A 2024 analysis by economists at California Lutheran University found that undocumented workers are the source of more than half a trillion dollars of products in the state. Yet nearly 40% of undocumented immigrants in California have no health insurance, as opposed to 8% of the state’s population overall, according to Jamshid Damooei, executive director of Cal Lutheran’s Center for Economics of Social Issues.
“Access to health care is a human right,” Damooei said. “A large proportion of undocumented immigrants are denied such rights.” Among the international members of the Organization for Economic Cooperation and Development, the U.S., Mexico, South Korea and Turkey are the only nations that do not recognize universal health care as a basic human right.
The majority of Americans surveyed say that children born in the U.S. should automatically become citizens, and a recent Pew Center poll found that 56% disapprove of Trump’s birthright citizenship executive order. Under Gov.
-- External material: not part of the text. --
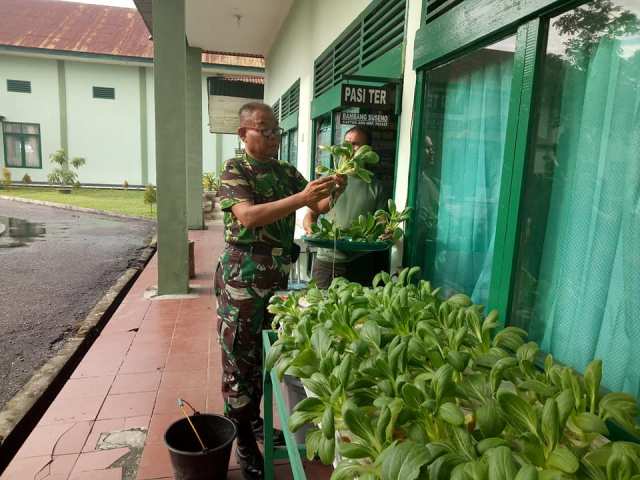 Pasiter Kodim 0320/Dumai, Kapten Arh Bambang Suseno sedang mereawat tanaman hidroponik

Gavin Newsom, meanwhile, California has expanded its Medi-Cal program (the state’s version of Medicaid) to include all residents who qualify, regardless of their immigration status.
But Trump’s threat to birthright citizenship will almost surely lead to more Californians shunning that basic health care, for fear that their own immigrant information will be recorded and perhaps shared — and their children’s citizen status subsequently threatened.
“Of course, that’s the point,” Bustamante said. “It happened before, with the public charge rule — and even now, the fear of that rule is still present in immigrant communities, even though it’s been changed. This administration has not changed it back yet, but I would anticipate it will be on the agenda in the future. And that is the same idea behind making this announcement on birthright citizenship — to stoke fear.”